После столкновения с муравьями джунгли уже не так пугали меня. Мне очень нравилась Африка, мой здешний дом. Двадцать лет назад Пат случайно нашел этот участок, где затем выстроил дом. Однажды, когда он работал в малярийной местности, расположенной много километров ниже по реке, у него разболелся зуб. Подлечив его немного своими средствами, он выехал в Мамбасу, к доктору Вудхэмсу. На третий день пути, следуя берегом Эпулу, Пат увидел открытую площадку. Высокий берег круто обрывался к реке. Лихорадка и больной зуб, нывший при каждом шаге, не смогли помешать Пату оценить это месте, как одно из самых красивых, когда-либо встречавшихся ему в Африке. Больной зуб врач ему удалил, и Пат отправился назад к реке, чтобы разбить лагерь на облюбованном им участке.
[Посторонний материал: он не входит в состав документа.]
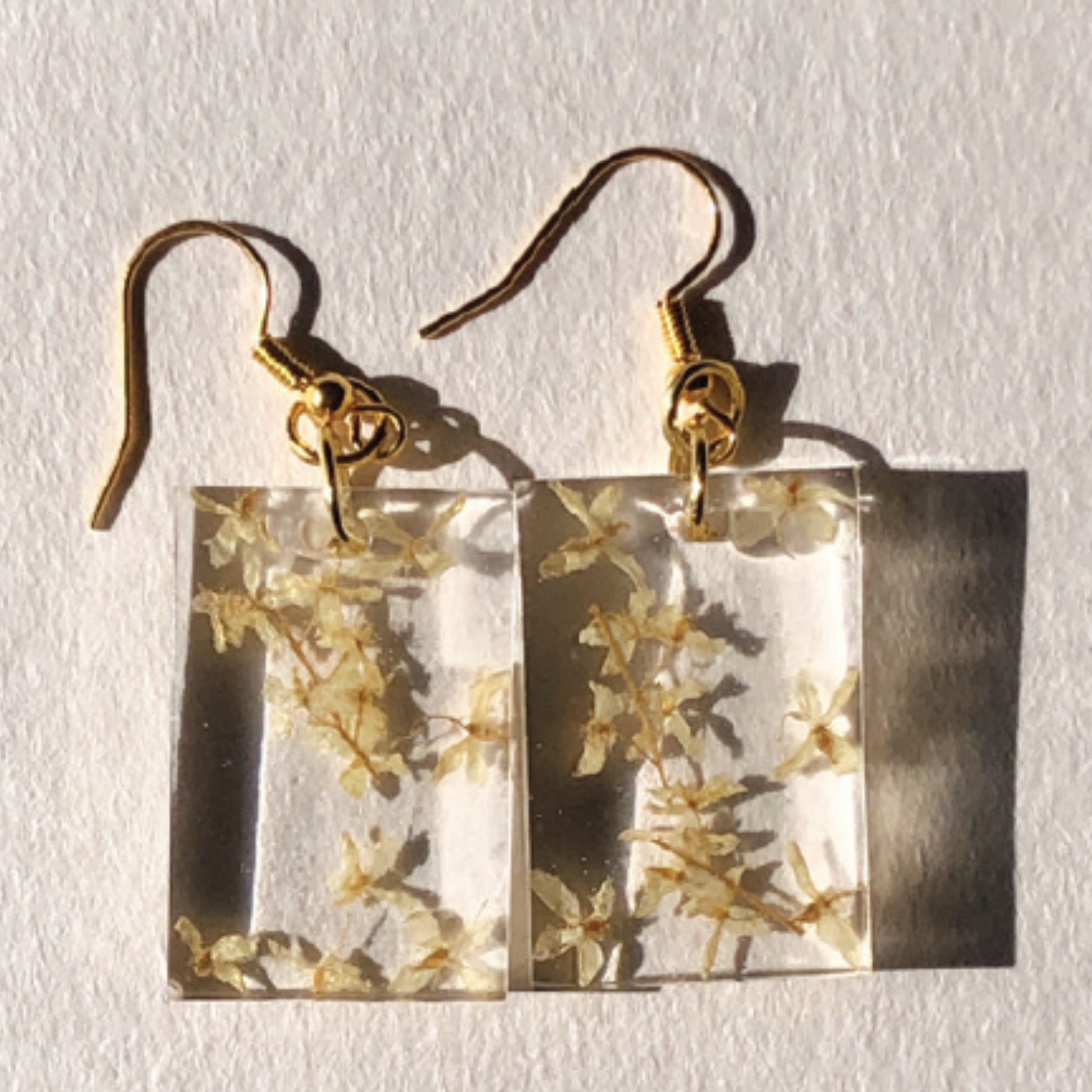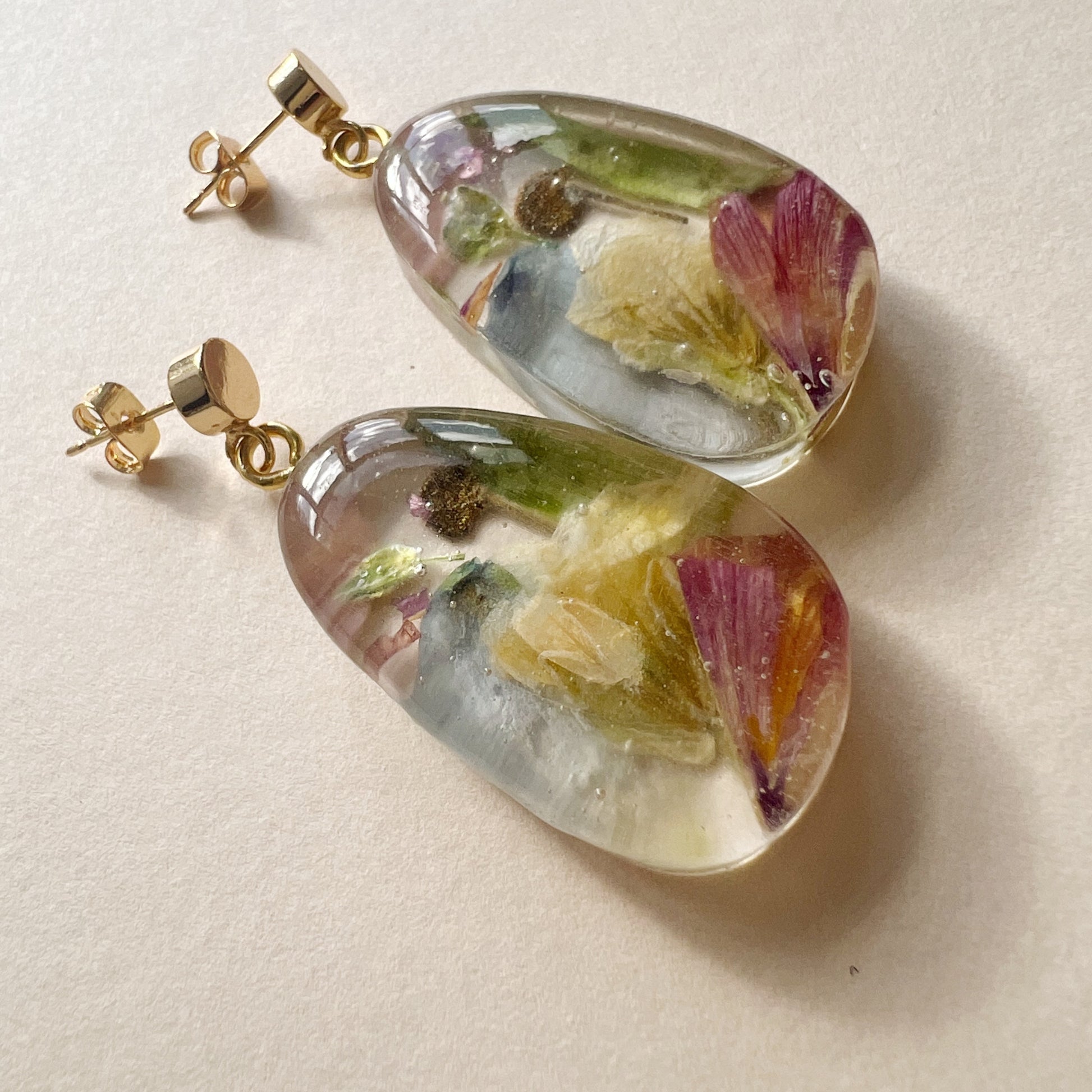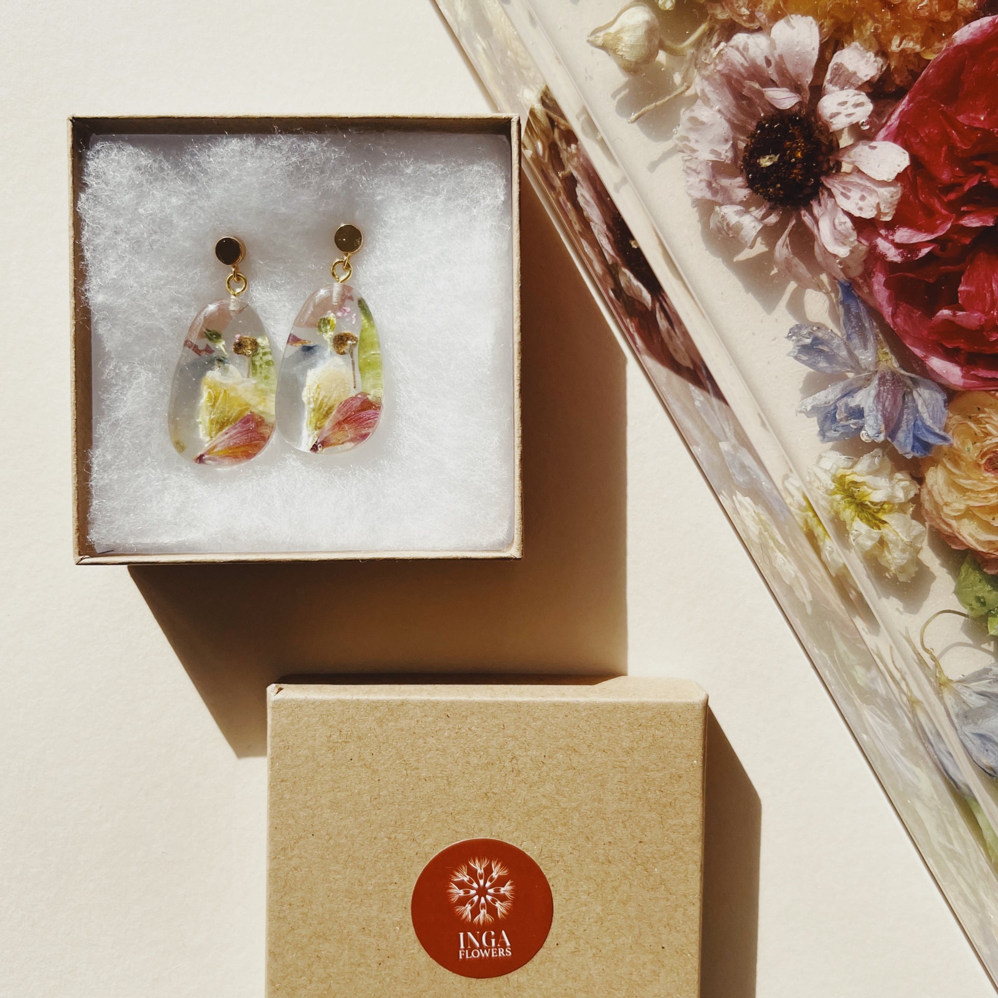 After your wedding, you can send us a few petals or small blooms specifically for the earrings, or we can use leftover flowers from your larger preservation pieces (like frames or trays). During the design phase, you’ll choose your preferred resin shape (teardrop, circle, bar, etc.) and post material.

Впоследствии он арендовал этот участок и приблизительно лет за шесть до нашей свадьбы построил дом над обрывом. На следующий год он выстроил госпиталь. Здания имели глинобитные стены. Каркасом служили вбитые в землю деревянные стойки, оплетенные тонкими, гибкими прутьями. За несколько дней солнце высушило бревна и решетку из прутьев. Затем местные женщины, замешав глину, находившуюся прямо на берегу реки, обмазали решетку, добавляя новые слои по мере того, как высыхали уже нанесенные на каркас. Когда толщина стен была доведена до восьми-десяти сантиметров, верхний слой глины смочили и разровняли, а затем дали ему затвердеть. Как только твердость глины достигла плотности кирпича-сырца, уже ничто не могло повредить стены, кроме протекающей через крышу воды. Но африканцы умеют делать крыши, которые не пропускают воду. Постройка крыши в Конго — целое искусство. Для изготовления кровли местные жители используют большие блестящие листья одного дерева. Их связывают и укладывают в несколько слоев на решетку, сооруженную из стволов молодых деревьев, очищенных от коры. Такая крыша водонепроницаема даже в тропические бури, которые валят банановые заросли и размывают огороды и дороги. Примерно раз в год крышу осматривают, добавляя кое-где новые листья, и она остается водонепроницаемой, словно сделана из листовой меди. Этими же листьями пигмеи покрывают не только крышу, но и стены своих крохотных домиков. Листья используются также в качестве оберточной бумаги, из них изготовляют корзины и матрацы, а также праздничные наряды, состоящие из нескольких листьев, прикрепленных сзади к поясному шнурку.
Я не променяла бы мой домик из прутьев и глины, расположенный на Эпулу, ни на один из тех стандартных домов, которые я так часто встречала на родине, тем более что мое теперешнее жилище не требовало никаких расходов. Когда мы пристраивали новую комнату к гостинице или новую палату к госпиталю, то никогда не беспокоились о строительном материале. Он был близко, под рукой, и стоил, конечно, дешевле пареной репы.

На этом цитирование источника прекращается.